Зная, что я не женат, он решил найти мне невесту. В части Нью-Йорка под названием Бронкс жил тогда православный священник отец Иоанн Легкий. У него было две дочери, Ираида и Галина. Александр Иванович ездил к батюшке Иоанну и колол ему дрова, за что получал от него черновики его проповедей. Решив, что Ираида и будет мне подходящей невестой, Александр Иванович дал мне письмо и попросил отнести его отцу Иоанну. Я хотел было отказаться, но решил все же поехать. Так я познакомился с будущей известной поэтессой Ираидой Легкой, вышедшей впоследствии замуж за урбаниста и активного деятеля НТС Бориса Пушкарева, автора книги “Две России”, сына профессора-историка Сергея Германовича Пушкарева. С Ираидой и ее мужем я по сей день в очень дружеских отношениях.
КОРОЛЬКОВ
Талантливого скульптора и рисовальщика Сергея Григорьевича Королькова, как мне говорили, прочили в Заслуженного деятеля искусств. Ему принадлежал барельеф на здании обкома в Ростове-на-Дону, он иллюстрировал “Тихий Дон” Шолохова. Будучи родом из коннозаводчиков, а следовательно, “внутренним эмигрантом”, в эмиграции Королькоу (так произносил он свою фамилию), стал антикоммунистом. Такое часто происходило с “бывшими” людьми и “недорезанными буржуями”, в Советском Союзе скрывавшими свое происхождение и только на Западе ставшими опять самими собой.

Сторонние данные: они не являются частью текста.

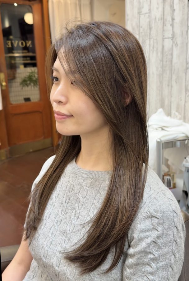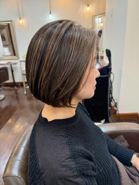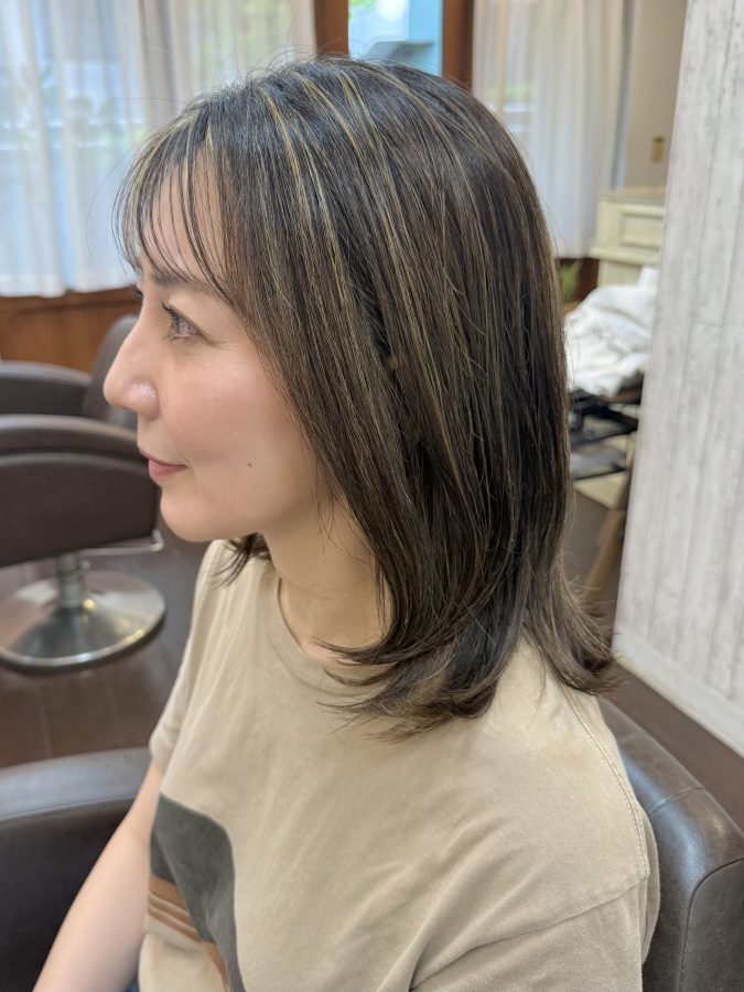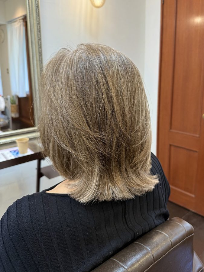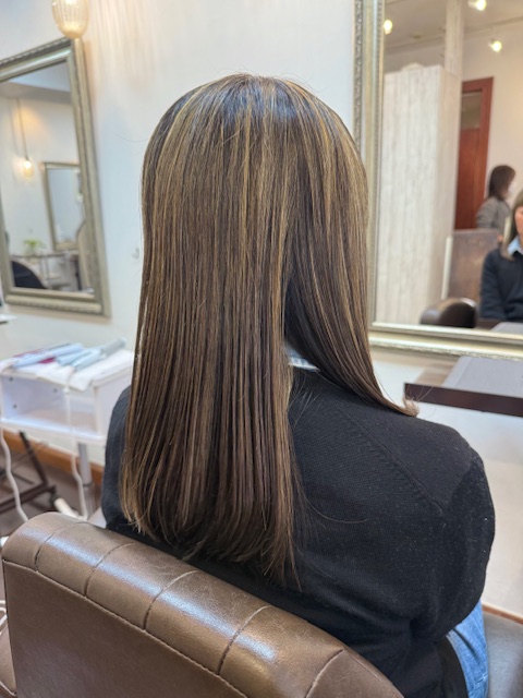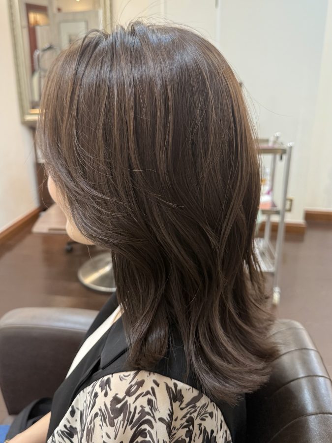 お客様ヘアなので正面の写真は載せにくいのですが、色味やハイライトの雰囲気。ヘアスタイルの全体のフォルムや長さの具合は伝わると思います💡
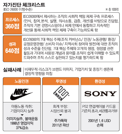 기표원과 표준협회는 이어 2010년엔 ‘사회적 책임 이행수준 진단 체크리스트’도 개발했다. 국내 기업들이 ISO26000에 어느 정도 대응하고 있는지 스스로 진단할 수 있게끔 이행 수준 체크리스트를 만든 것이다. 정부가 이행 수준을 판가름할 수 있는 도구를 마련, 국내 기업들이 ISO26000에 대응해 스스로 움직일 수 있도록 하자는 취지다. 현재 약 100여곳의 집단 및 기업들이 사용한 것으로 추정되고 있다.
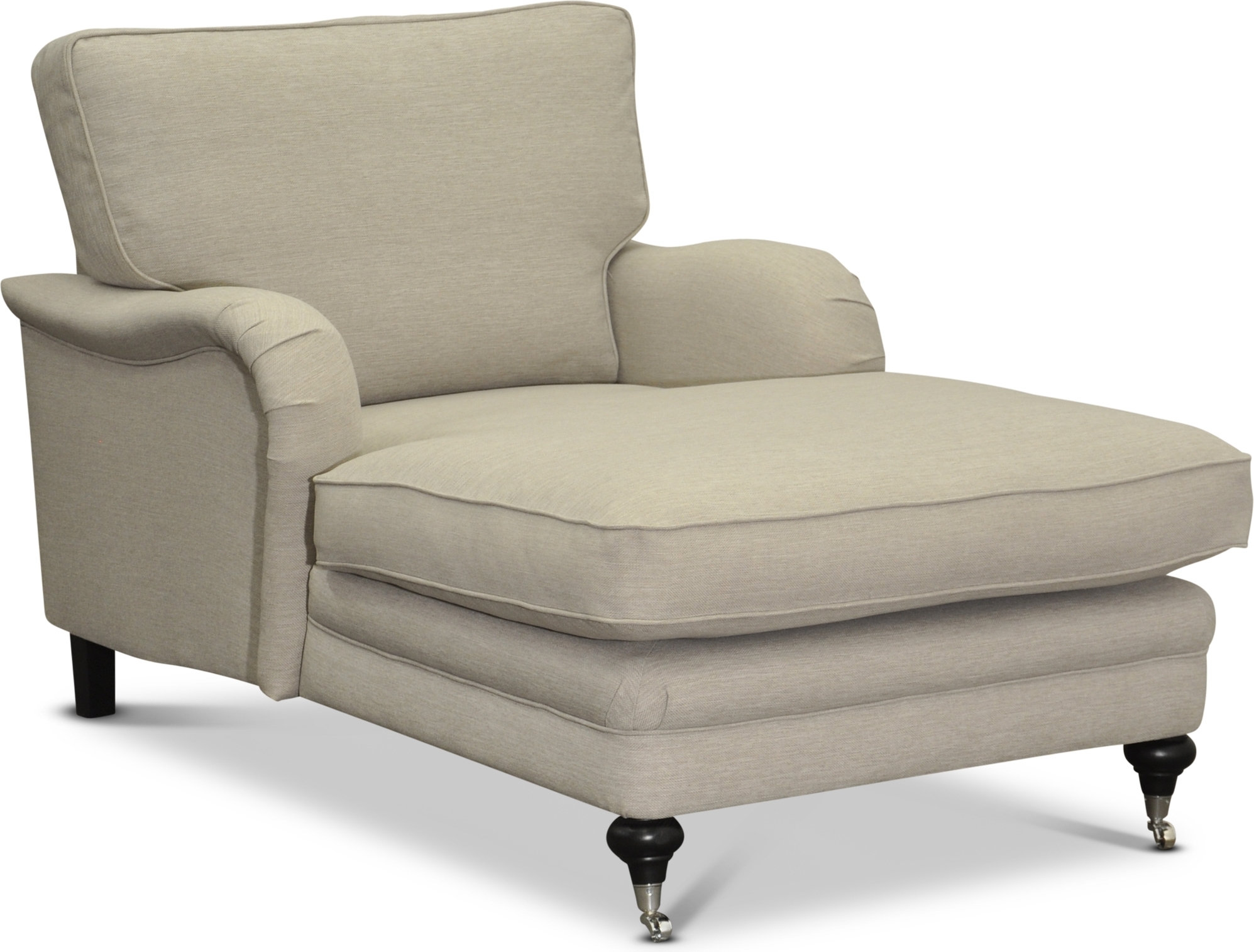 Sandfärgad tålig klädsel. Gedigen konstruktion. Arbetade detaljer. Hög sittkomfort.

В Нью-Йорке Сергей Григорьевич сделал серию рисунков на тему раскулачивания в СССР. Их купил журнал Life и хорошо за них заплатил. Получив изрядную сумму денег, Сергей Григорьевич и Елизавета Ивановна широко открыли двери своей большой квартиры всем приезжавшим, главным образом, с юга России. Помню, появился у них один донской казак, первым вопросом которого был: “А в Нью-Йорке сало е?” – “Есть, – сказали ему, – можно купить в украинском районе.” Он поехал туда, купил фунтов десять и изрек, вернувшись: “Теперь в Америке не пропаду”. Как силен в русском человеке страх голода! – еще раз подумал я.

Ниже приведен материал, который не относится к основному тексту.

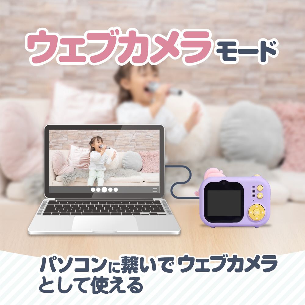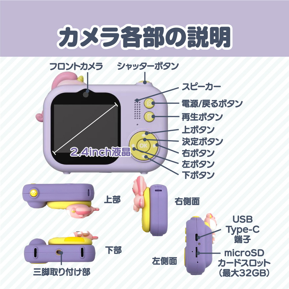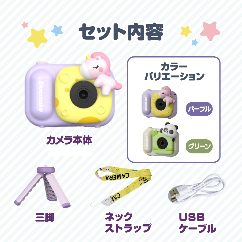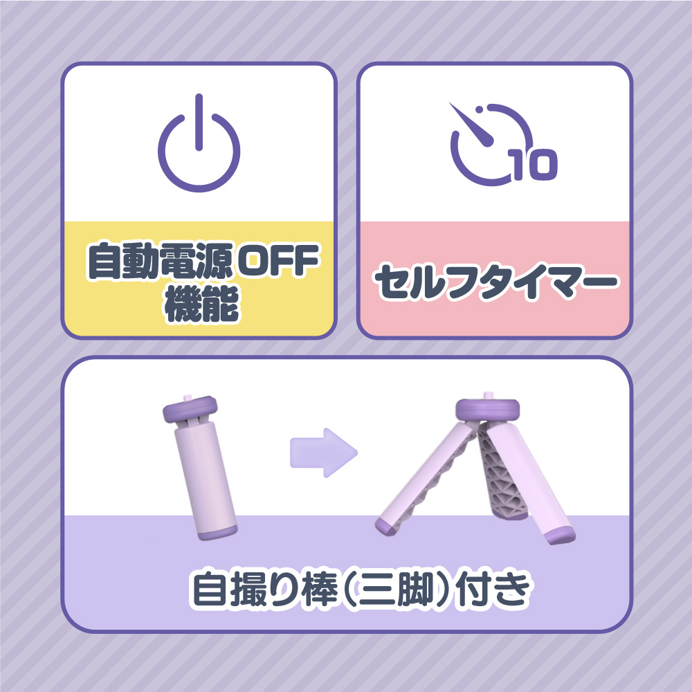 自撮り棒にもなる便利な三脚付きキッズカメラ Bluemake パープル TT-48ZU
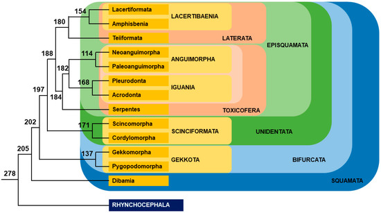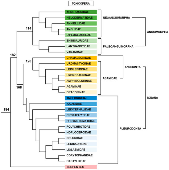 Phylogenic tree of squamates. Relative positions of each clade are represented following [38]. Names of clades are according to [170]. This tree has strong support, except for the position of Dibamia, which is sometimes alternatively placed as the sister group of Gekkota [171]. Branch lengths are not proportional to time. Numbers indicate divergence time (Myrs) from present for nodes, according to [38]. Colors indicate the different level of clades in the phylogenetic tree.
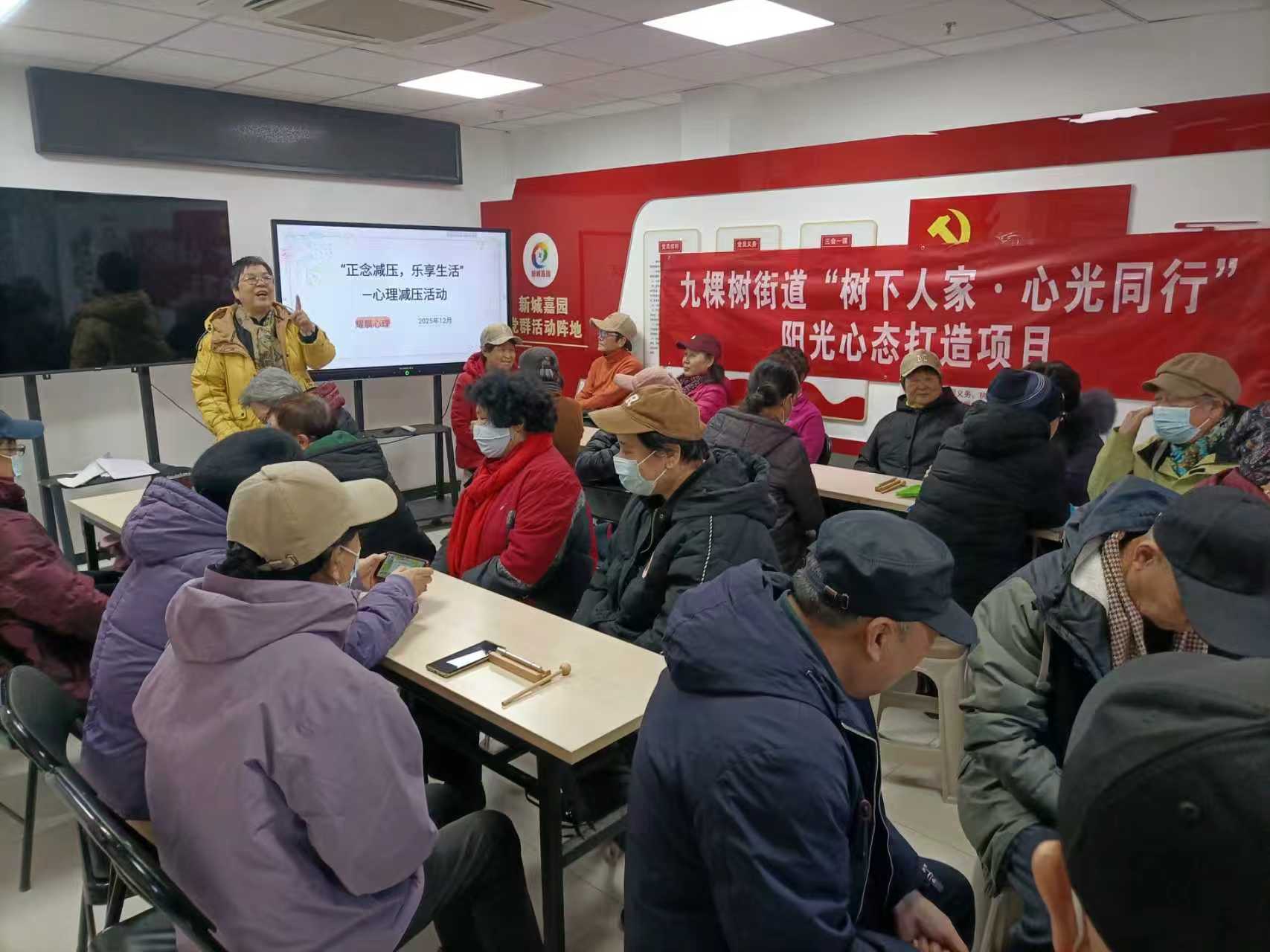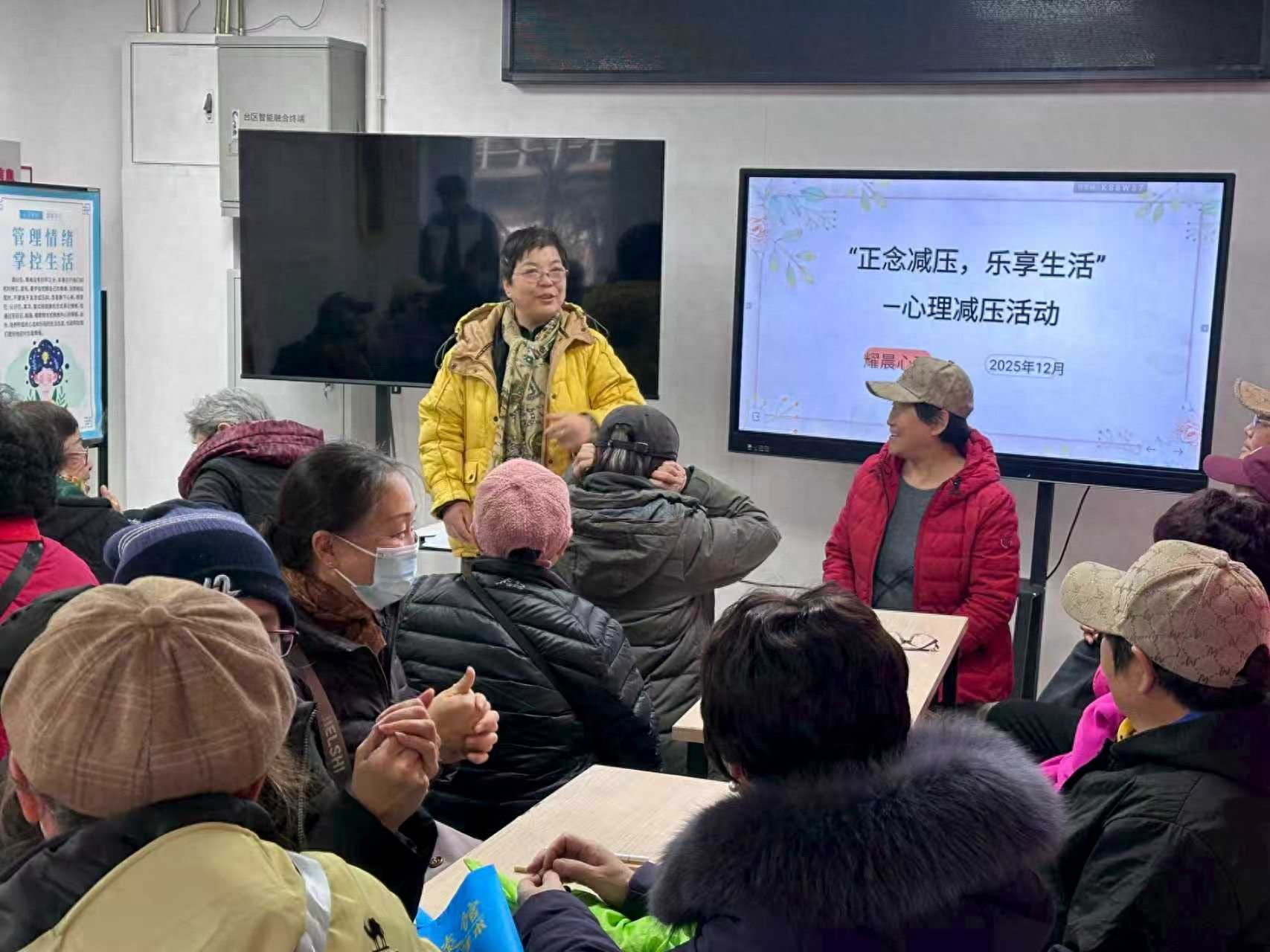 (记者 常魁星 通讯员 王小莲)2025年12月29日,北京市通州区新城家园社区活动室内座无虚席,社区居民早早到场等候,大家表示,日常工作生活压力较大,十分期待通过专业指导学习减压方法,舒缓身心疲惫。因此,一场以 “正念减压,乐享生活” 为主题的心理减压活动在此温馨开启。

Однажды к Корольковым приглашен был Борисов-Морозов (имени и отчества не помню), которого все называли почему-то “батюшка-барин”. Старый эмигрант, хорошо образованный человек и даже, как мы предполагали, в родстве с нашим коллекционером Морозовым, “батюшка-барин” прекрасно знал современное искусство и пытался объяснить его ценности Сергею Григорьевичу, убежденному русскому реалисту. Произошел, увы, один казус: в разговоре о казачестве “батюшка-барин” заметил, что царское правительство посылало казаков разгонять рабочие демонстрации. После этого Борисова-Морозова к Корольковым больше не приглашали.
Елизавета Ивановна любила поэзию и старалась создать вокруг себя группу единомышленников. Дама романтического настроя души, она любила говорить: “У меня сегодня на душе моросит”, “У меня на душе туман” или “Мне сегодня так зябко”.

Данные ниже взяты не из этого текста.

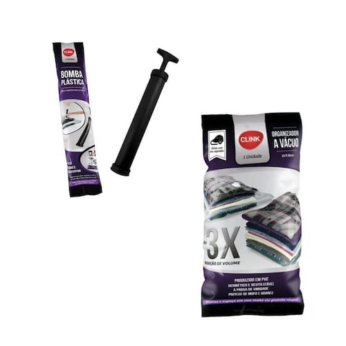 Kit Saco Organizador A Vácuo 50X60Cm com Bomba Manual Clink Saco Organizador A Vácuo Para Viagem Prático E Fácil 50X60Cm Saco a vácuo 50x60cm - ck4759
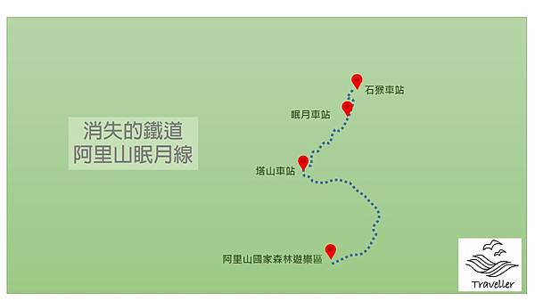 0600起床 → 0650出發→ 0830阿里山遊樂區 → 0900出發 → 1130塔山車站 → 1400眠月車站 → 1500石猴車站
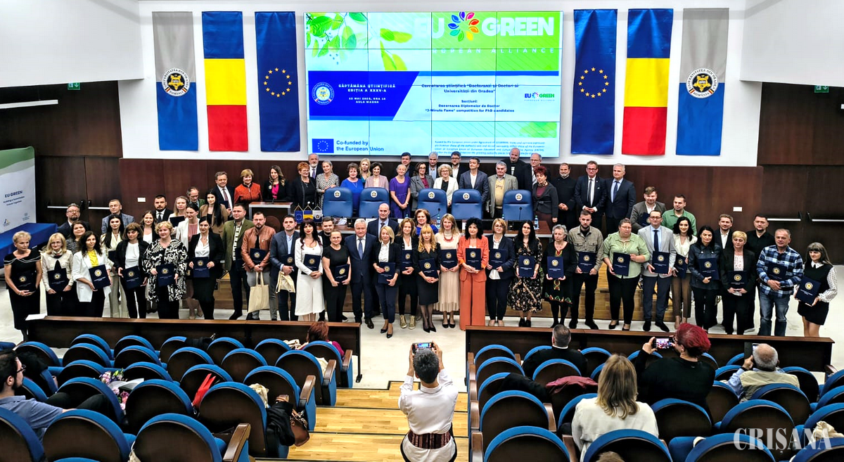 La inițiativa conducerii Universității din Oradea, doctoranzii care au reușit să ajungă în faza finală a concursului EU GREEN „3 minutes of fame” și aceia care au obținut titlul de „Doctor în Științe” în perioada mai 2024 – mai 2025 au primit diplome, premii și flori.
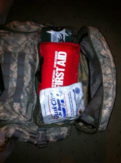 The big backpack makes it way too easy to carry stuff around. In addition to my first aid stuff, my radio (with 2 antennas even), flashlights, basic personal hygiene products, a small spotting scope, etc, I've found that I've even got a spare shirt, socks and underwear stashed in the bag at all times. I still need to get one of those small ponchos in case I have to walk somewhere in the rain.
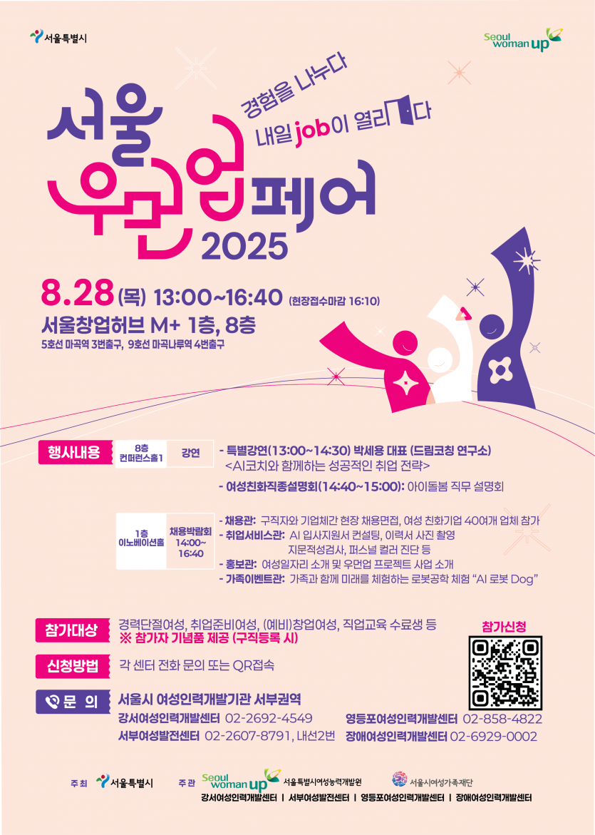 서울시 여성인력개발기관 서부권역 4개 기관에서 개최하는 2025 서울우먼업페어 행사가 서울창업허브에서 8월28일 개최되며,

Сергей Григорьевич этого терпеть не мог и, узнав, что жена приглашает своих гостей, хватал шапку и – вон из дому. Душой он был у себя на Дону и компанию подбирал себе подходящую. За обильным ужином с выпивкой вспоминали старое житье-бытье. “Жил у нас в станице старик, и был у него кот. Но такой ленивый, что дед ему сам мышей ловил…” – рассказывал один из гостей. Обсуждался и такой вопрос: может ли дикобраз убить своей иглой казака? Спорили, пили, но так и не решили. Впрочем, велись и серьезные разговоры. То было время сенатора МакКарти и активной борьбы с коммунистическими настроениями среди американской интеллигенции. Антикоммунизм был в моде, и к Корольковым наведывались консервативные американцы. Вспоминаю одного по фамилии Мунсон. Он предлагал мне стать преподавателем русского языка в американской военной школе в городе Монтерей в Калифорнии. Я должен был бы носить военную форму, жить среди американских офицеров и говорить с ними только по-русски. Я отказался, сказав, что хочу стать художником. Попытки завербовать меня совершались и с других сторон… Так, например, меня просили записаться в члены НТС и даже примкнуть к монархическому движению. Один из его представителей, господин Скаржинский, обещал мне устроить поездку в Испанию для знакомства с престолонаследниками дома Романовых. Мой отказ мотивирован был той же причиной: хочу стать художником.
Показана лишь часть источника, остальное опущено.